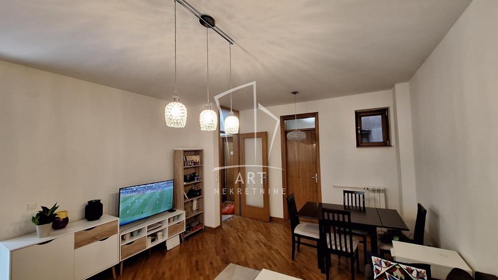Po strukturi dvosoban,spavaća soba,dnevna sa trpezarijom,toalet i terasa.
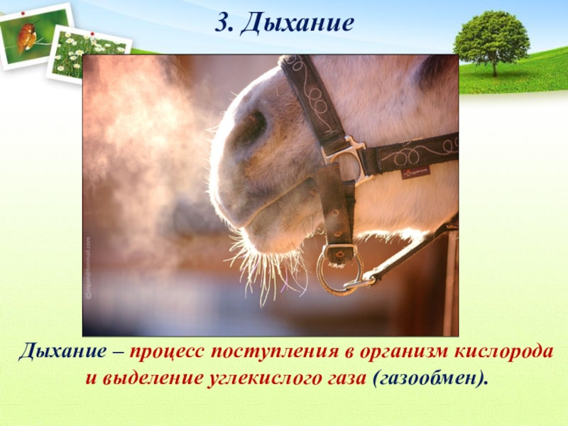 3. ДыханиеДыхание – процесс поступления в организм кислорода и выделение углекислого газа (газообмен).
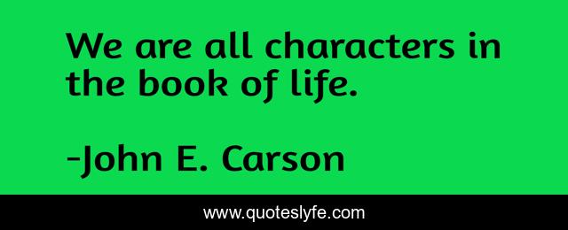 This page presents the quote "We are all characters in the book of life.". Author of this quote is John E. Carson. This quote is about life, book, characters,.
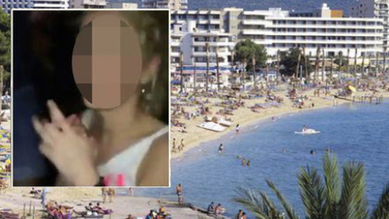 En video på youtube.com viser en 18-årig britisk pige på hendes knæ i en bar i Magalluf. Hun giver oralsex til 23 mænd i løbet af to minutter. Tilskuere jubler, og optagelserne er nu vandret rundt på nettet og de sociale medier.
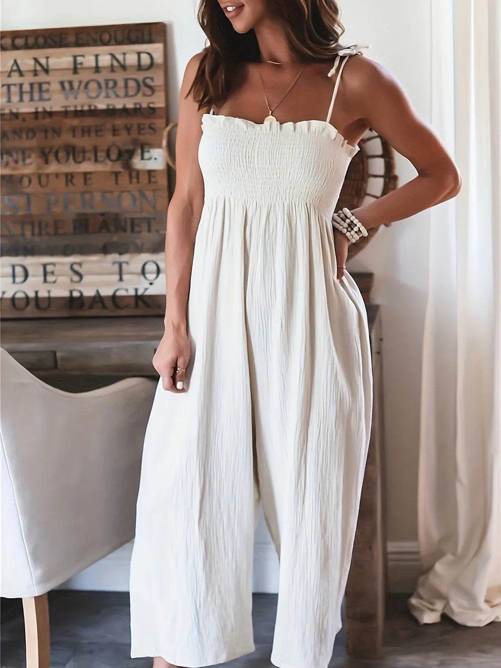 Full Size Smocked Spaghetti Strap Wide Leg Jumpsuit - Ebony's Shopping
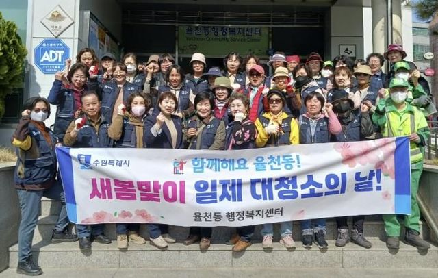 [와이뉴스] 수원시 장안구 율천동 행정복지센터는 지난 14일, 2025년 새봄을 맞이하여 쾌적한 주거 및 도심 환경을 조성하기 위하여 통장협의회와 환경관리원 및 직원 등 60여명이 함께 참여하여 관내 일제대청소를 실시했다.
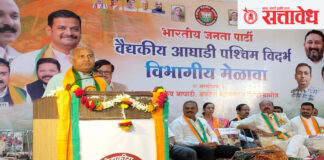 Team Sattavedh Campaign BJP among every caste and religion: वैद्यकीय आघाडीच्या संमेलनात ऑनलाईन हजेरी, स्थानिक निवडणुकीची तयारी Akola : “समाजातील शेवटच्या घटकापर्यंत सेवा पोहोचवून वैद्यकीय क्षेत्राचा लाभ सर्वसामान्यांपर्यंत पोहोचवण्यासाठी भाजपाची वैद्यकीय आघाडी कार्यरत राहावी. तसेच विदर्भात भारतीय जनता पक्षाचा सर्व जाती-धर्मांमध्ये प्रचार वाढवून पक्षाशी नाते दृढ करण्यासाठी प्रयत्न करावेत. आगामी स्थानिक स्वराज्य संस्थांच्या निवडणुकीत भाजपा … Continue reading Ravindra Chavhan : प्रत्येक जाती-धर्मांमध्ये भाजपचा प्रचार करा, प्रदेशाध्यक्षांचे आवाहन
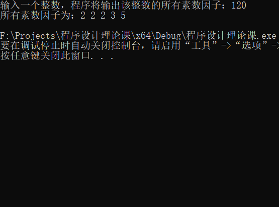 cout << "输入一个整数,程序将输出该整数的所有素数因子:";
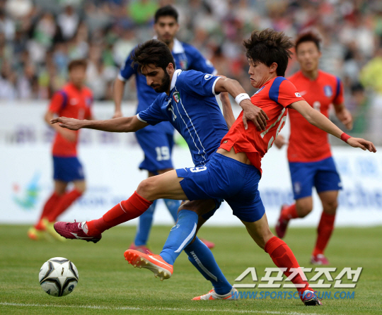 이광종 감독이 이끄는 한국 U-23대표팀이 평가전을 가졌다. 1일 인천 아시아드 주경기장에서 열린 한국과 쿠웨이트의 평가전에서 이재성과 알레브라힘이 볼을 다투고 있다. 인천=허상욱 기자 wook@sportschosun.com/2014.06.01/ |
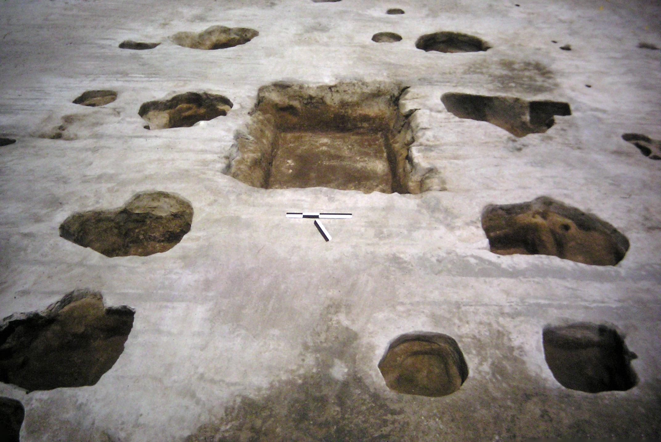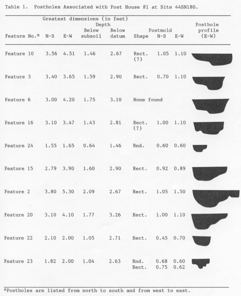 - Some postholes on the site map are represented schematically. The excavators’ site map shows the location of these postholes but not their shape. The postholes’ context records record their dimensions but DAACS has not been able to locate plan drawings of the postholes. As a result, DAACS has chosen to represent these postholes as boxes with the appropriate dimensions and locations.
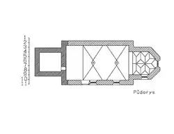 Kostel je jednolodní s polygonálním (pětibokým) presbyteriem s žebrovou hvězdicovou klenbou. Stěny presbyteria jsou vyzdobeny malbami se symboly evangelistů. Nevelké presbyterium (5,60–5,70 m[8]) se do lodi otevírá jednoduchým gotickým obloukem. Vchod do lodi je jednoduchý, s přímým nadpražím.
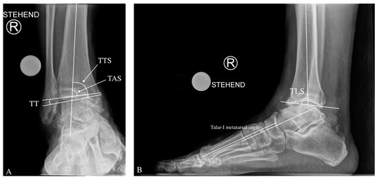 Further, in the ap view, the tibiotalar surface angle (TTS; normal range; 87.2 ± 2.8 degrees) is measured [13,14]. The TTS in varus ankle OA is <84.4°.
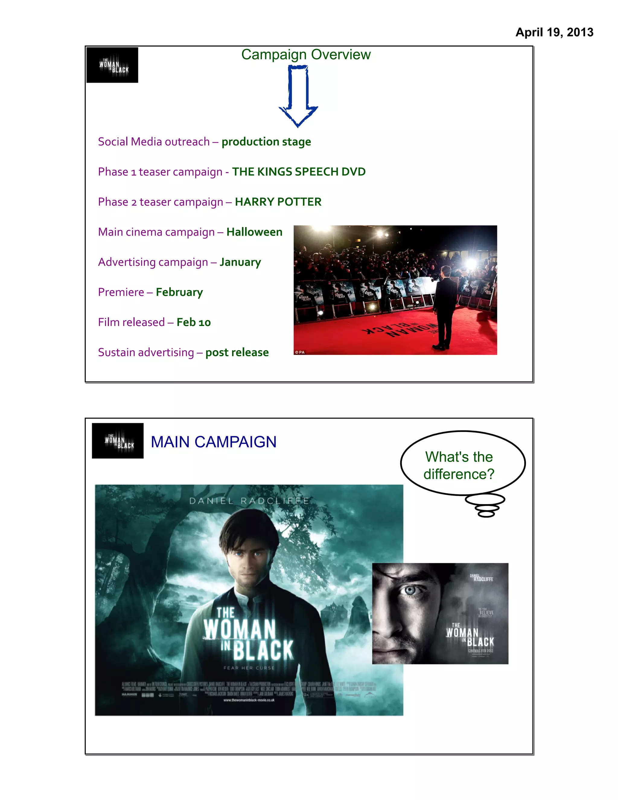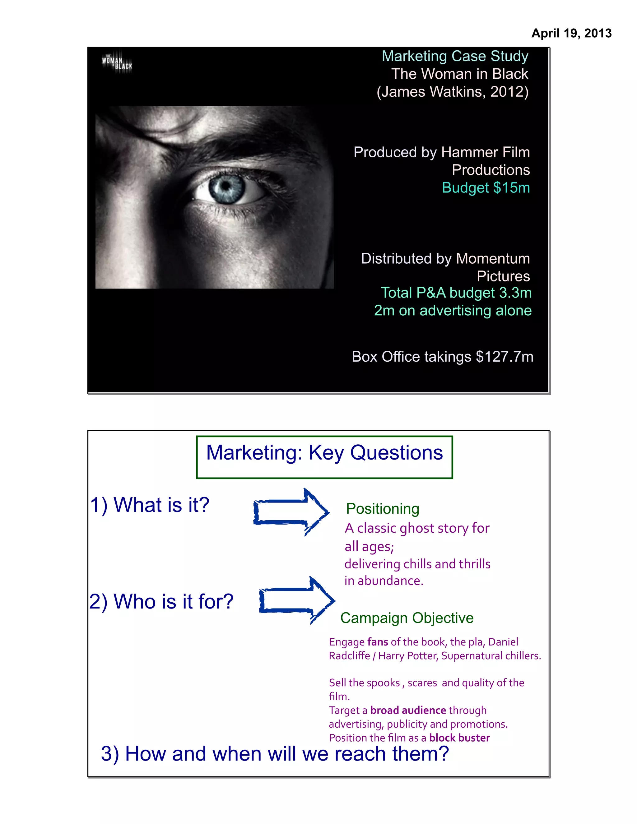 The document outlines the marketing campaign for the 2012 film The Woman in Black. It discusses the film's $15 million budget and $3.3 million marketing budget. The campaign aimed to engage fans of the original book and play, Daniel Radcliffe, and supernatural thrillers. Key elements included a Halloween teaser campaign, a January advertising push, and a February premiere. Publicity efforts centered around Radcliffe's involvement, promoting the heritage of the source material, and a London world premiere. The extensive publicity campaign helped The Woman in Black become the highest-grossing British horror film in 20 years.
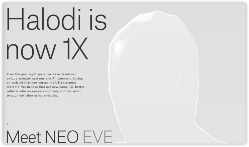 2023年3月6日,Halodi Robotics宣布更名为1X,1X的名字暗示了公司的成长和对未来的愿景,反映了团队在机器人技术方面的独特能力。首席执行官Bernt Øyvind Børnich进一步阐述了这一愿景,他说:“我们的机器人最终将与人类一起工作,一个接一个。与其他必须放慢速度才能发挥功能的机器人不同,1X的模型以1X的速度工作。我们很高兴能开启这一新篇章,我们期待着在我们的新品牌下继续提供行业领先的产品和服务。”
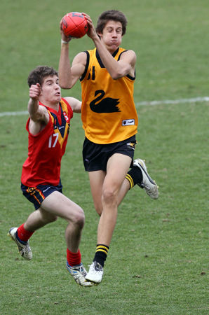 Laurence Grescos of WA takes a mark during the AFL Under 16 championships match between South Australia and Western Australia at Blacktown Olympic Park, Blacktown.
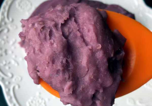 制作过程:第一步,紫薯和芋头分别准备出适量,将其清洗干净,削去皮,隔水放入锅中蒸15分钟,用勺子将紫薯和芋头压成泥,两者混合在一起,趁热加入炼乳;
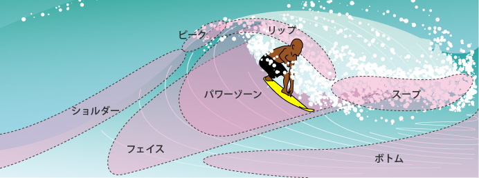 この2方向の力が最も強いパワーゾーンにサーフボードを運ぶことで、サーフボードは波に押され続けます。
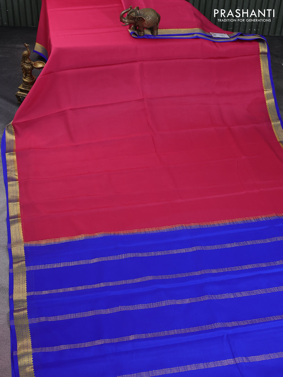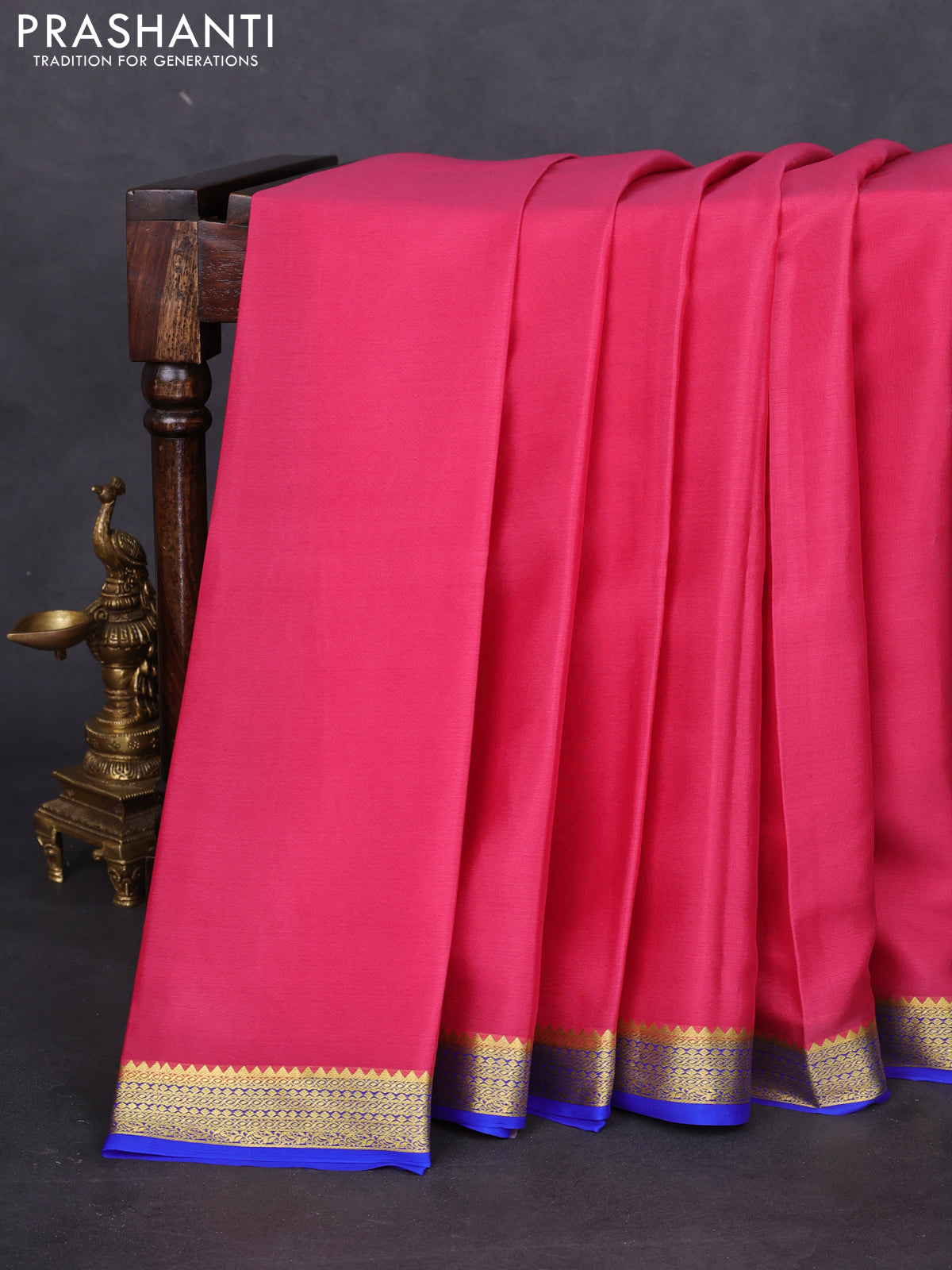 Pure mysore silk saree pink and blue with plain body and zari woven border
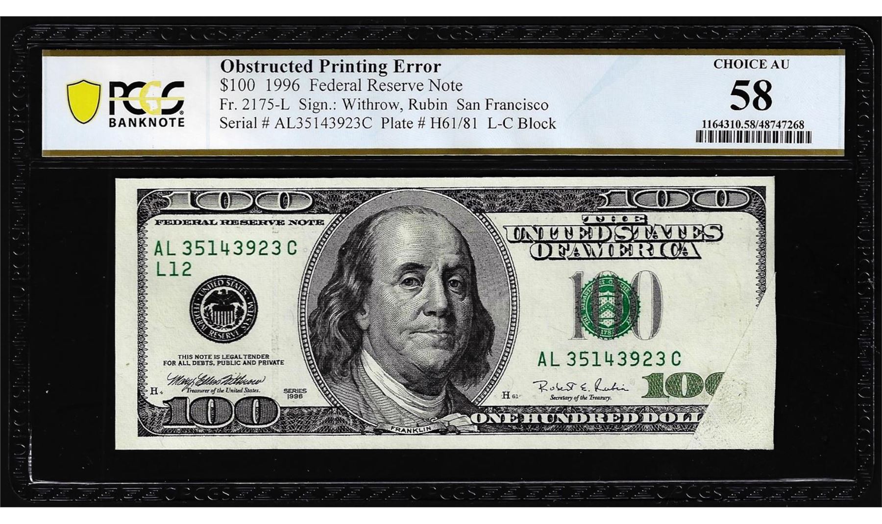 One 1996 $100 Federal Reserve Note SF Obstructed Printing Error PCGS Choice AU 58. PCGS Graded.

— Aim of the exercise —
Quote, exactly and only, the lines from the first line of the data above through the line containing "This page presents". The pictures do not belong in it.

— Exercise solution —
Po strukturi dvosoban,spavaća soba,dnevna sa trpezarijom,toalet i terasa.
 3. ДыханиеДыхание – процесс поступления в организм кислорода и выделение углекислого газа (газообмен).
 This page presents the quote "We are all characters in the book of life.". Author of this quote is John E. Carson. This quote is about life, book, characters,.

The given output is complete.